I had responded to an advert in “The Stage” for a stage management job, and didn’t actually go for an interview, surprisingly. I just turned up in Keswick at the theatre at the beginning of the season, and we started rehearsals for the first play, and had never met any of the actors, the director, stage manager or anyone at all. Looking back this seems quite incredible, that I just went off without asking any questions about where I was to live when I was there, and even more so that the company took me on without any sort of reference, or without even going for an interview. 
We did four plays, as I’ve mentioned. The first one we rehearsed was “How The Other Half Loves” by Alan Ayckbourn. This had about three-four weeks rehearsal and then it opened, and then the second play was rehearsed.  I seem to remember it was a play by Hugh Leonard called “The Patrick Pearce Motel.” Then that was opened and joined the first play in repertoire. This was eventually joined by the third play, “The Man With A Load Of Mischief" by Ashley Dukes. The fourth, and final play was “Romeo and Jeanette” By Jean Anouilh.
We had fun with this last play. The director, John Ridley, had a rather mad idea, which he announced during the first day of rehearsal. When the curtain went up at the beginning of the play he wanted the stage empty, all except a cockerel. Now, not a stuffed one, or one in a cage, but a real, live one, sitting on the table in the centre of the stage. Well, you can imagine what members of stage management had to say about this daft idea. How can you expect a cockerel to just sit or stand on the table and not move, and not merely fly out into the audience and cause chaos, or even fly off into the wings of the stage (sorry, no pun intended.) First and foremost we had to find a cockerel, and then ‘train’ it to sit on the table and not move. And, unbelievable at it may seem, this cockerel (called Leon) did precisely as it was told and every single performance it stood on the table when the curtain went up and didn’t budge and inch!
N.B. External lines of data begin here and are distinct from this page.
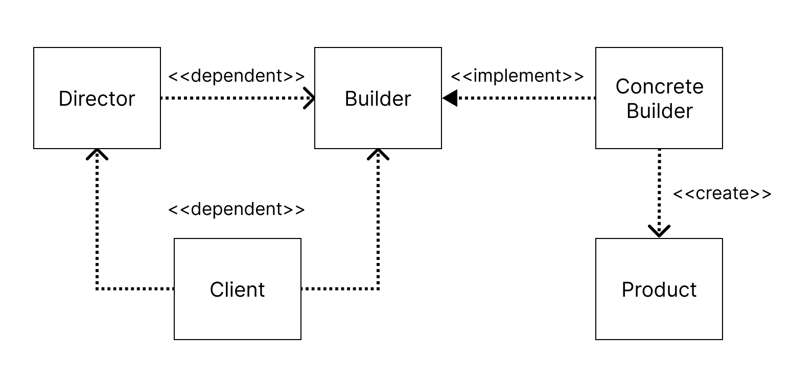 가장 기본적인 빌더 패턴은 다음과 같은 요소로 구성된다. 이제 각 구성 요소에 대해 자세히 알아보자.
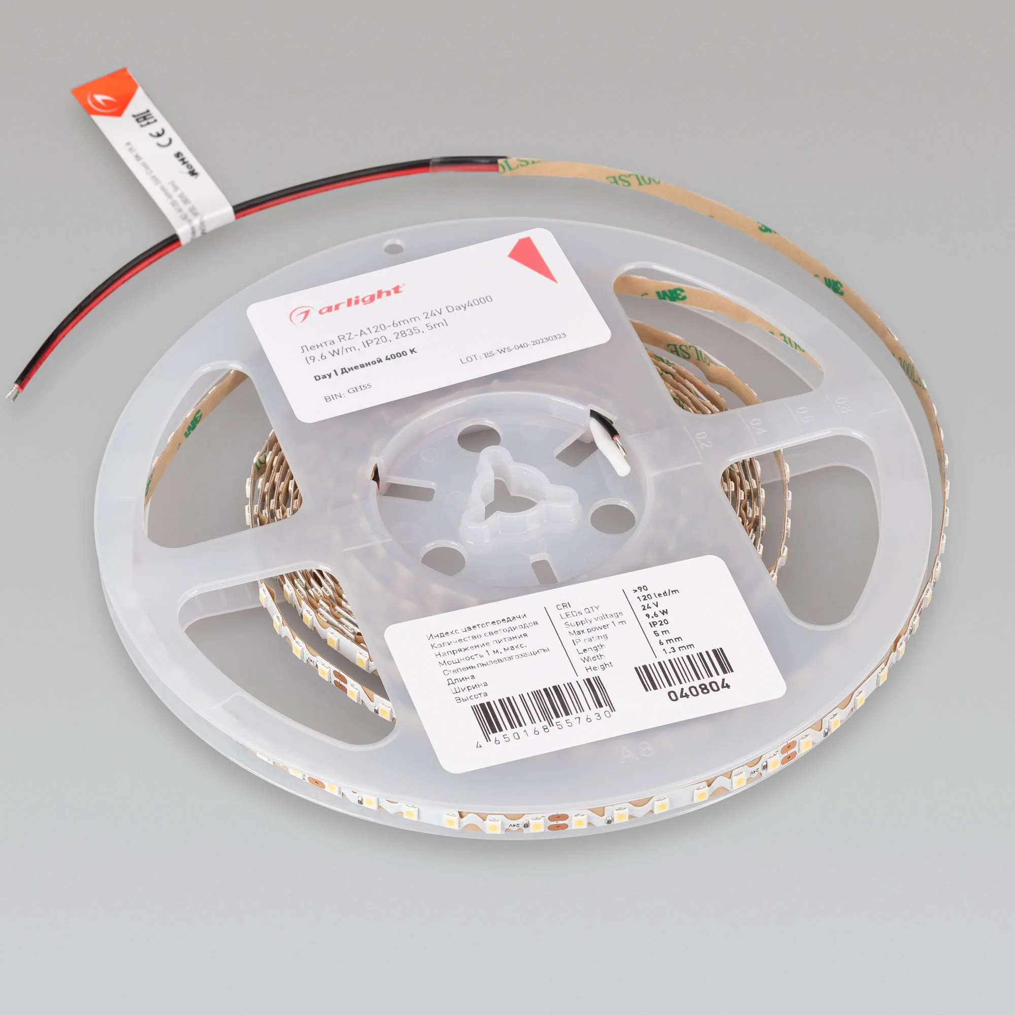 Arlight Лента RZ-A120-6mm 24V Day4000 (9.6 W/m, IP20, 2835, 5m) (-)
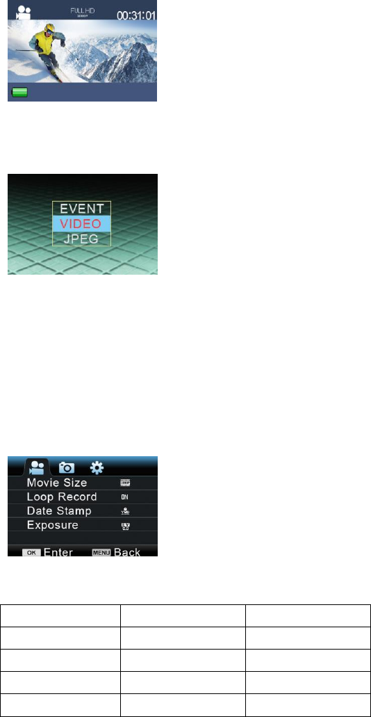 Press the Shutter/Select Button to start/stop recording. Press the Down/Shutter Button to take a
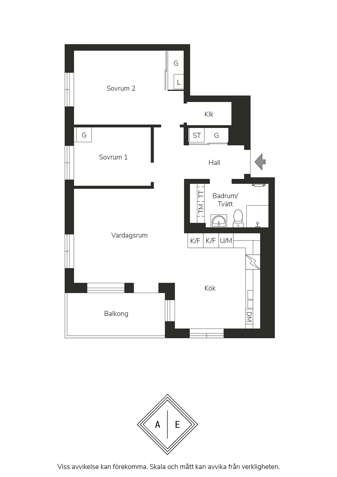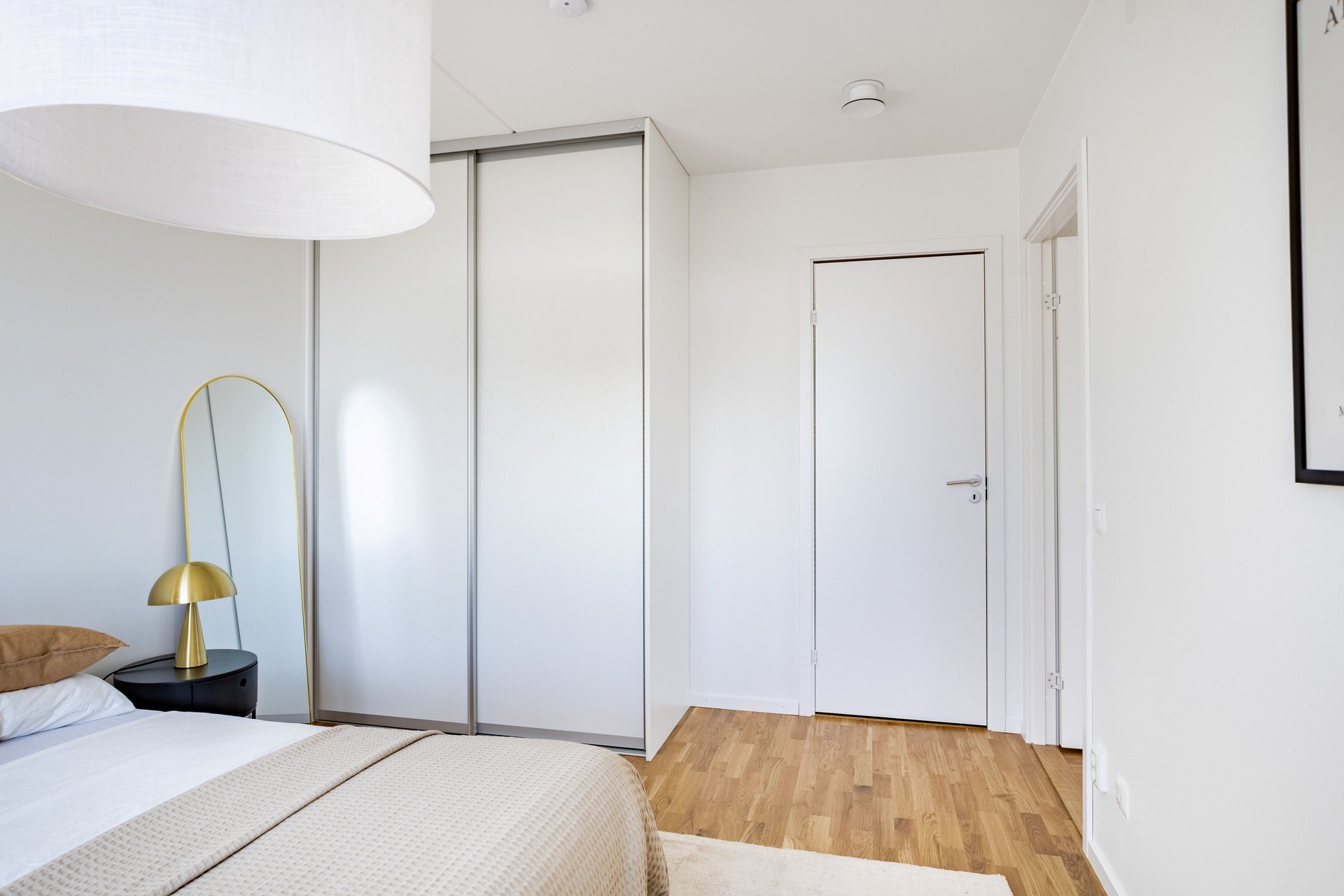 Sovrum med plats för dubbelsäng och förvaring via den stora skjutdörrsgarderoben och en egen klädkammare för ytterligare förvaring. För den som vill ha en stor två:a så kan sovrummet anpassas genom att det mindre sovrummet utgår och detta sovrum utökas, se förklaring på ritning (tillval).
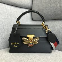 高档女包批发 Gucci古驰大蜜蜂装饰玛格丽特皇后手提包25.5CM 黑色
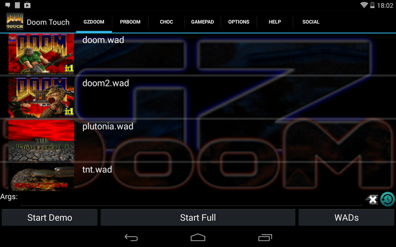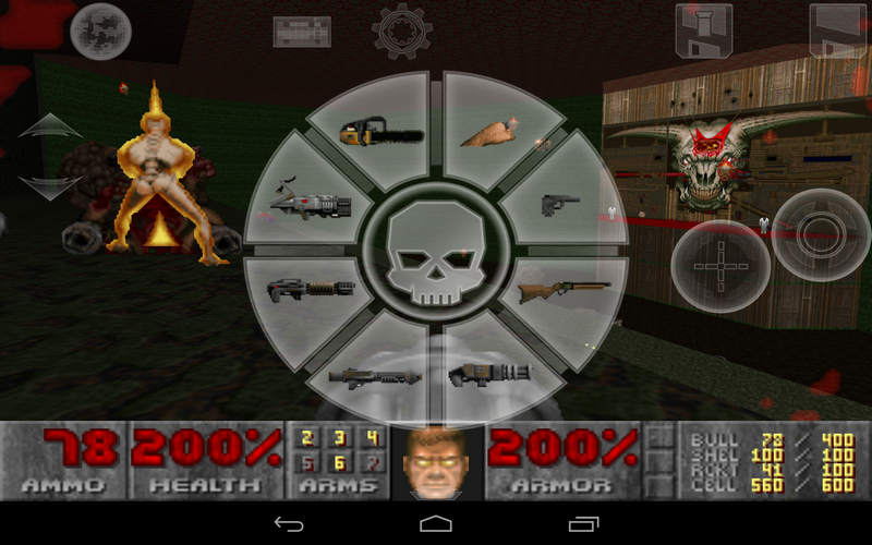 Doom Touch (D-Touch on Google Play) brings three of the best Doom engines to Android, each with their own strengths. Between them you can play all commercial versions of Doom and most custom mods and wads.
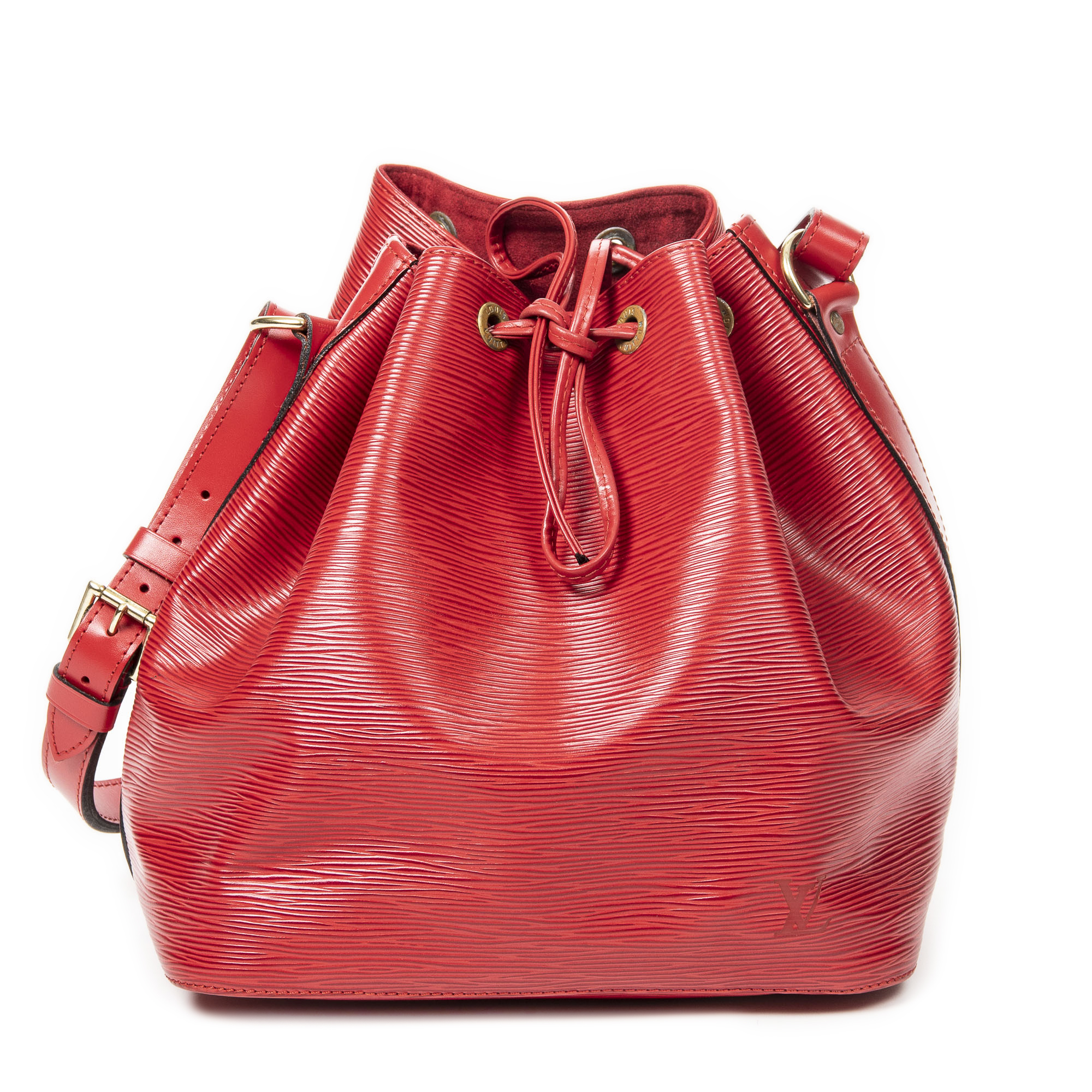 Louis Vuitton Shoulder Bag Noe PM in Red Epi and Golden Brass hardware. The product is in Excellent Condition (A).
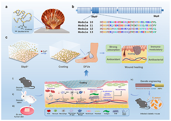 本站訊近日,中國海洋大學海洋生命學院海洋生物遺傳與育種教育部重點實驗室、方宗熙海洋生物進化與發育研究中心劉偉治團隊在基于扇貝足絲粘附蛋白的仿生材料應用于難愈合創面修復領域取得重要新進展。研究論文“Extracellular Matrix-Mimetic Intrinsic Versatile Coating Derived from Marine Adhesive Protein Promotes Diabetic Wound Healing through Regulating the Microenvironment”(海洋粘附蛋白來源的類細胞外基質涂層通過調節微環境促進糖尿病足創面愈合)發表在材料學頂級期刊ACS Nano上,海洋生命學院博士生王露露、薛波為共同第一作者,劉偉治教授為唯一通訊作者,中國海洋大學為第一完成單位和通訊作者單位。糖尿病足潰瘍(Diabetic foot ulcers, DFUs)是糖尿病嚴重并發癥之一,作為典型的難愈合創面具有極高的患病率和致殘率。創面持續滲出導致敷料降解,進而使50%的創面未得到有效護理,因此迫切需要開發兼具濕粘附性和功能性的敷料。研究
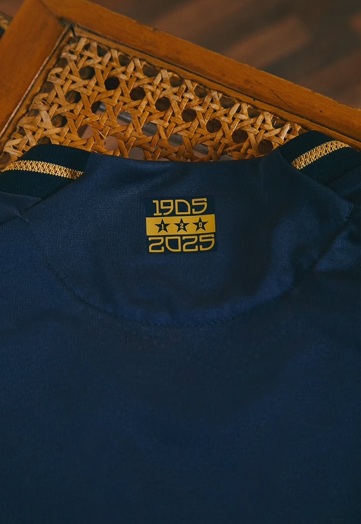 Today, Boca Juniors have officially unveiled their 2025 third kit which celebrates this year being the 120-year anniversary since the club was founded. Combining a dark navy with luxurious touches of gold, the shirt pays homage to the recent championship win as well as the club’s rich history of success throughout since their founding.
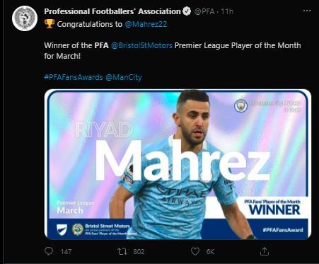 24直播网4月10日讯据PFA官方消息,曼城中场球员马赫雷斯当选英超3月最佳球员。
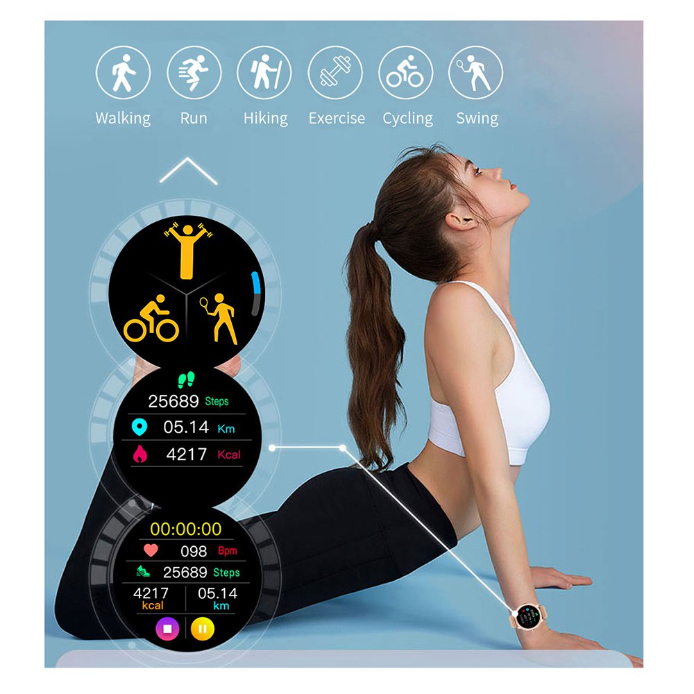 • Montre connectée féminine IP68 avec tracker de sommeil - ecrand diamant Or
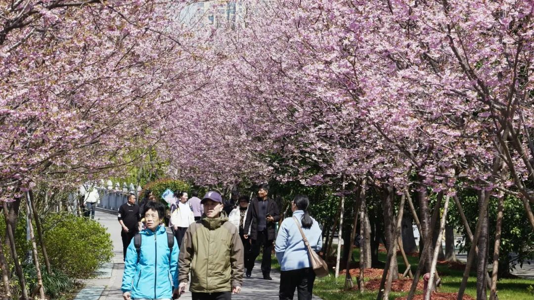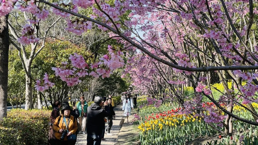 随着上周六上海樱花节开幕,顾村公园的早樱已全面绽放,景象蔚为壮观。本周,申城告别多日的阴雨,迎来晴好升温的天气,公园内衔接早樱和中樱的飞寒樱也已盛放,为市民游客带来更加绚烂的花景。

At one point during this play the cockerel is taken off stage and is slaughtered and then returns on stage, dead, with it’s head removed, readly to be plucked and then, finally cooked and eaten! Well, obviously, we couldn’t do this with a real bird every performance, so we had to make a ‘prop’ bird, as near as possible identical to the live Leon the Cockrel. The wardrobe lady made a sort of stuffed toy version of Leon out of fur fabric which had been died to resemble as near as possible the same colour as the real bird, but minus it’s head! It had wings and a tail added and looked quite convincing. We then needed some tail feathers and a few feather on it’s wings. Unfortunately the real Leon was reluctant to give us any of his feathers for his duplicate, so we had to wait until some of his feather fell out, which really didn’t happen, so we had to pull a hand-full out of his rear end and then sew them into the prop version. 
We did do a fifth play, I seem to remember. It was "Time and Time Again", yet another Acckbourn play. It wasn't performed in Keswick, but taken to Carlisle and presented at a hall there, not a proper theatre. I cannot see what the idea of this was, as we played to non-existant audiences. This was after the run of the four plays in the Century came to an end (or it may have been mid-way through the season, my memory is somewhat hazy on that issue.) We also did some lunchtime theatre, a very short one-act play, toured around village halls and small venues around Cumbria, which was done during the day, once all the four plays in the season were up and running.